◆ Task details: Whatever lies between the line with "According to infurmation, 50" and the end of the data, both included, must be copied exactly and without pictures.

◆ Data block:
:::::

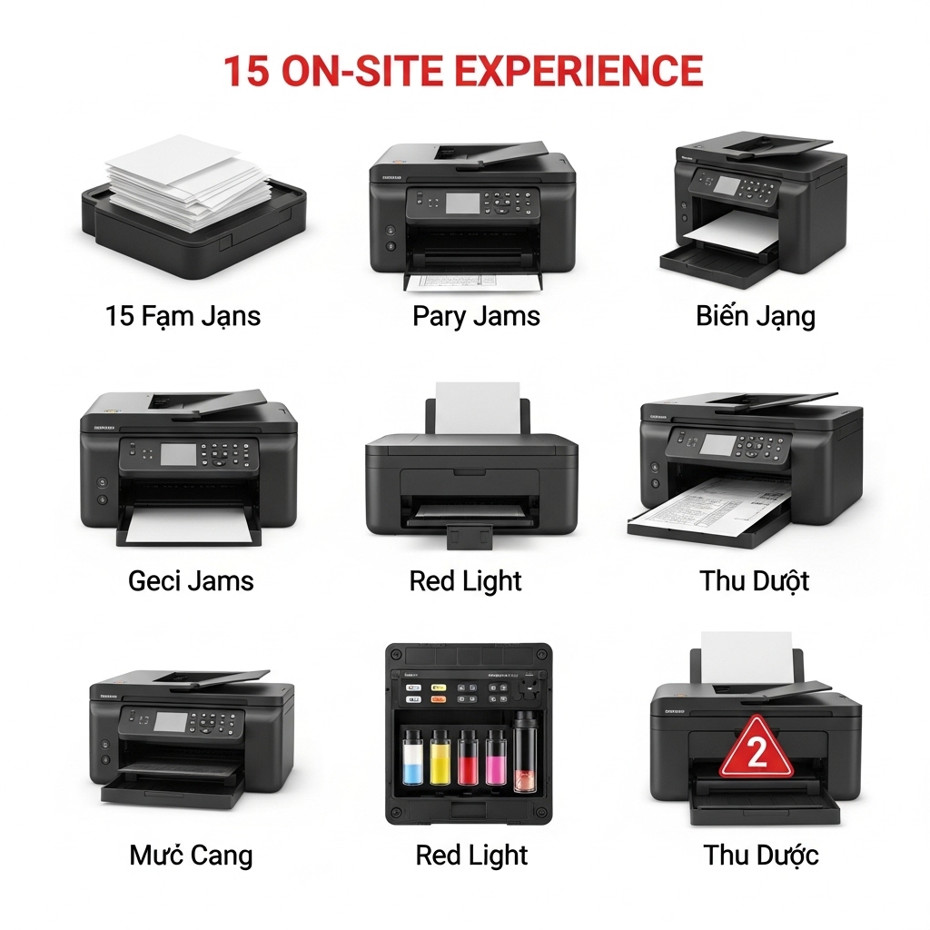 Bạn đang đau đầu vì chiếc máy in bỗng dưng "đình công" ngay giữa lúc cần in gấp tài liệu quan trọng? Kẹt giấy liên tục, bản in mờ nhạt khó đọc, hay tệ hơn là đèn báo lỗi đỏ chót không rõ nguyên nhân? Đừng lo lắng! Với 15 năm kinh nghiệm thực chiến trong lĩnh vực sửa chữa, nạp mực và bảo trì máy in tại TP.HCM, tôi – Chuyên Gia Kỹ Thuật Máy In Vi Tính Tâm Thuận Phát – sẽ giúp bạn giải quyết triệt để mọi vấn đề.
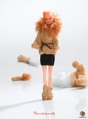 According to infurmation, 50 million animals are killed each year for the fashion industry. The print campaign, which is designed to draw attention to the cruelty associated with fur clothing, depicts dolls wearing fur and animal parts strewn in the background. Although it does not evoke a visceral objection to the practice, it is nonetheless an interesting approach.
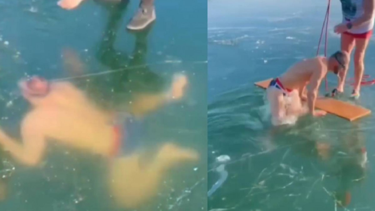 इस वायरल वीडियो में देखा जा सकता है कि बर्फ से ढकी एक झील पर कुछ लोग खड़े नजर आ रहे हैं इसी बीच एक शख्स उसी झील में कूद जाता है. जो एक जगह से अंदर जाने का रास्ता होता है जिससे वो अंदर पानी में चला जाता है. वहीं कुछ देर ठंडे पानी में रहने के बाद वो एक तो पानी में कांपता नजर आता है इसके साथ ही बाहर निकलने का रास्ता भी भूज जाता है. हालांकि वो बाद में एक रस्सी के सहारे निकलता है. पानी से निकलने के बाद उसकी स्थिति ऐसी होती है जैसी मानों वो मौत को छू करके वापस आ रहा हो.
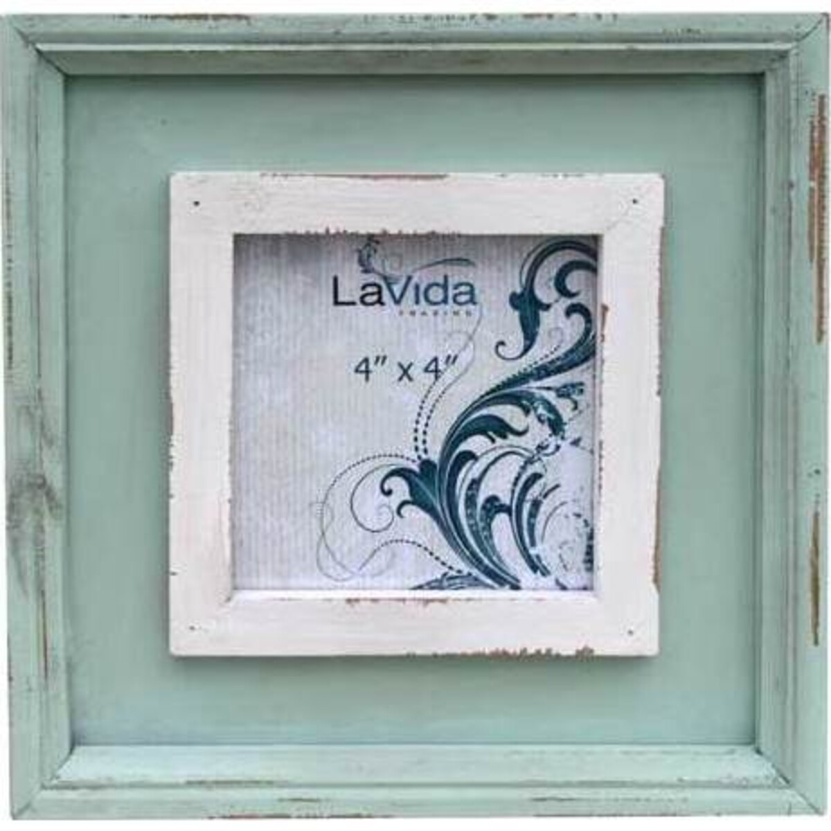 • The painted surfaces are lightly distressed to expose some of the natural wood, giving the frame a wonderful shabby chic look, like something that's been lying around in an old trunk in grandma's attic.

:::::

◆ Reply:
 According to infurmation, 50 million animals are killed each year for the fashion industry. The print campaign, which is designed to draw attention to the cruelty associated with fur clothing, depicts dolls wearing fur and animal parts strewn in the background. Although it does not evoke a visceral objection to the practice, it is nonetheless an interesting approach.
 इस वायरल वीडियो में देखा जा सकता है कि बर्फ से ढकी एक झील पर कुछ लोग खड़े नजर आ रहे हैं इसी बीच एक शख्स उसी झील में कूद जाता है. जो एक जगह से अंदर जाने का रास्ता होता है जिससे वो अंदर पानी में चला जाता है. वहीं कुछ देर ठंडे पानी में रहने के बाद वो एक तो पानी में कांपता नजर आता है इसके साथ ही बाहर निकलने का रास्ता भी भूज जाता है. हालांकि वो बाद में एक रस्सी के सहारे निकलता है. पानी से निकलने के बाद उसकी स्थिति ऐसी होती है जैसी मानों वो मौत को छू करके वापस आ रहा हो.
 • The painted surfaces are lightly distressed to expose some of the natural wood, giving the frame a wonderful shabby chic look, like something that's been lying around in an old trunk in grandma's attic.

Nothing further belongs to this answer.